At his press conference, David Cameron also said that any EU Treaty change could be used to “advance British interests”, which is interesting. Cameron is probably playing to sceptics at home ahead of tomorrow’s vote in the Commons on a motion calling for an in/out referendum. But by upping the game like this, it will be difficult for him not to deliver some sort of safeguard or even powers back when EU Treaty changes or further eurozone integration are put on the table (a first discussion over Treaty change can be initatied as early as December). That pressure will be there even if that change technically impacts on the eurozone only.
As we’ve argued before, the eurozone crisis is changing the way Europe operates, which has all kinds of implications, for example steering the EU in a more “inter-governmental” direction. The implication for the UK’s Coalition government is clear, however: Cameron and Clegg simply can’t freeze the EU as an issue during this parliament, as was its original strategy. The status quo is no longer an option, whether they like it or not.
Now, at his press conference, Cameron flagged up the risk of an integrated eurozone effectively taking bloc-decisions with a profound impact on the UK economy, but without the UK having a presence at the negotiation table, for example in trade and financial services. He’s absolutely correct to highlight this potential risk.

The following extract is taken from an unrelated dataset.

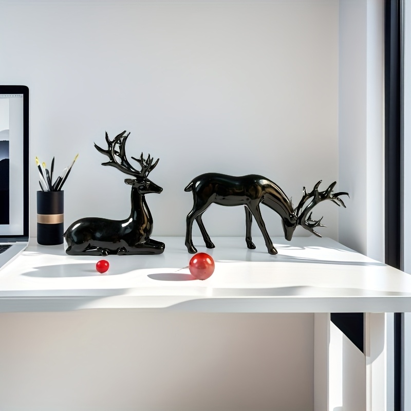 Oh, diese schwarzen Rentier-Figuren sind ja der absolute Hingucker für deine Weihnachtsdekoration! Aus hochwertigem Harz gemacht und mit 20cm Höhe perfekt für Tisch, Regal oder Sideboard.\n\nDas 2er-Set sieht einfach elegant aus - das matte Schwarz passt zu jedem Einrichtungsstil. Ob modern oder klassisch - diese Rentiere machen überall eine gute Figur. Die filigranen Geweihe sind besonders detailreich gearbeitet.\n\nDas Coole: Sie sind nicht nur zu Weihnachten schön, sondern das ganze Jahr über. Stell sie ins Wohnzimmer, Büro oder in die Vitrine - sie sehen immer gut aus.\n\nHarz ist super robust - die Figuren halten ewig und du hast lange Freude daran. Und sie sind standfest, kippen also nicht so leicht um.\n\nWenn du also mal was Anderes als die typische rote Weihnachtsdekoration suchst oder einfach deinem Zuhause einen eleganten Touch geben willst - diese schwarzen Rentiere sind perfekt. Deine Gäste werden begeistert sein!

But he is wrong to say, as he also did at the press conference, that we shouldn’t ‘get ahead of ourselves’ on a potential EU treaty change, as such changes “take years”. It’s true that Treaty changes will be slow-moving, but the key to set the agenda in EU negotiations is to get in early and get in with clear objectives, meaning that now is the exact right time for the Coalition to develop a game plan for how to achieve reform in Europe. Not through grand posturing or meaningless symbolic demands, but a concrete, credible and positive blueprint, forming a part of the constitutional and political settlement that is likely follow in the wake of the eurozone crisis, whatever turn that crisis takes. And just for the record, there’s a crucial difference between the immediate crisis, which is wholly inappropriate to seeking to exploit and the long, political discussion that will follow afterwards, where the UK has little choice but to engage with its own sets of demands (like everyone else).
Following tomorrow’s vote in UK parliament on an in/out referendum, this is where the debate on EU reform probably needs to move on to.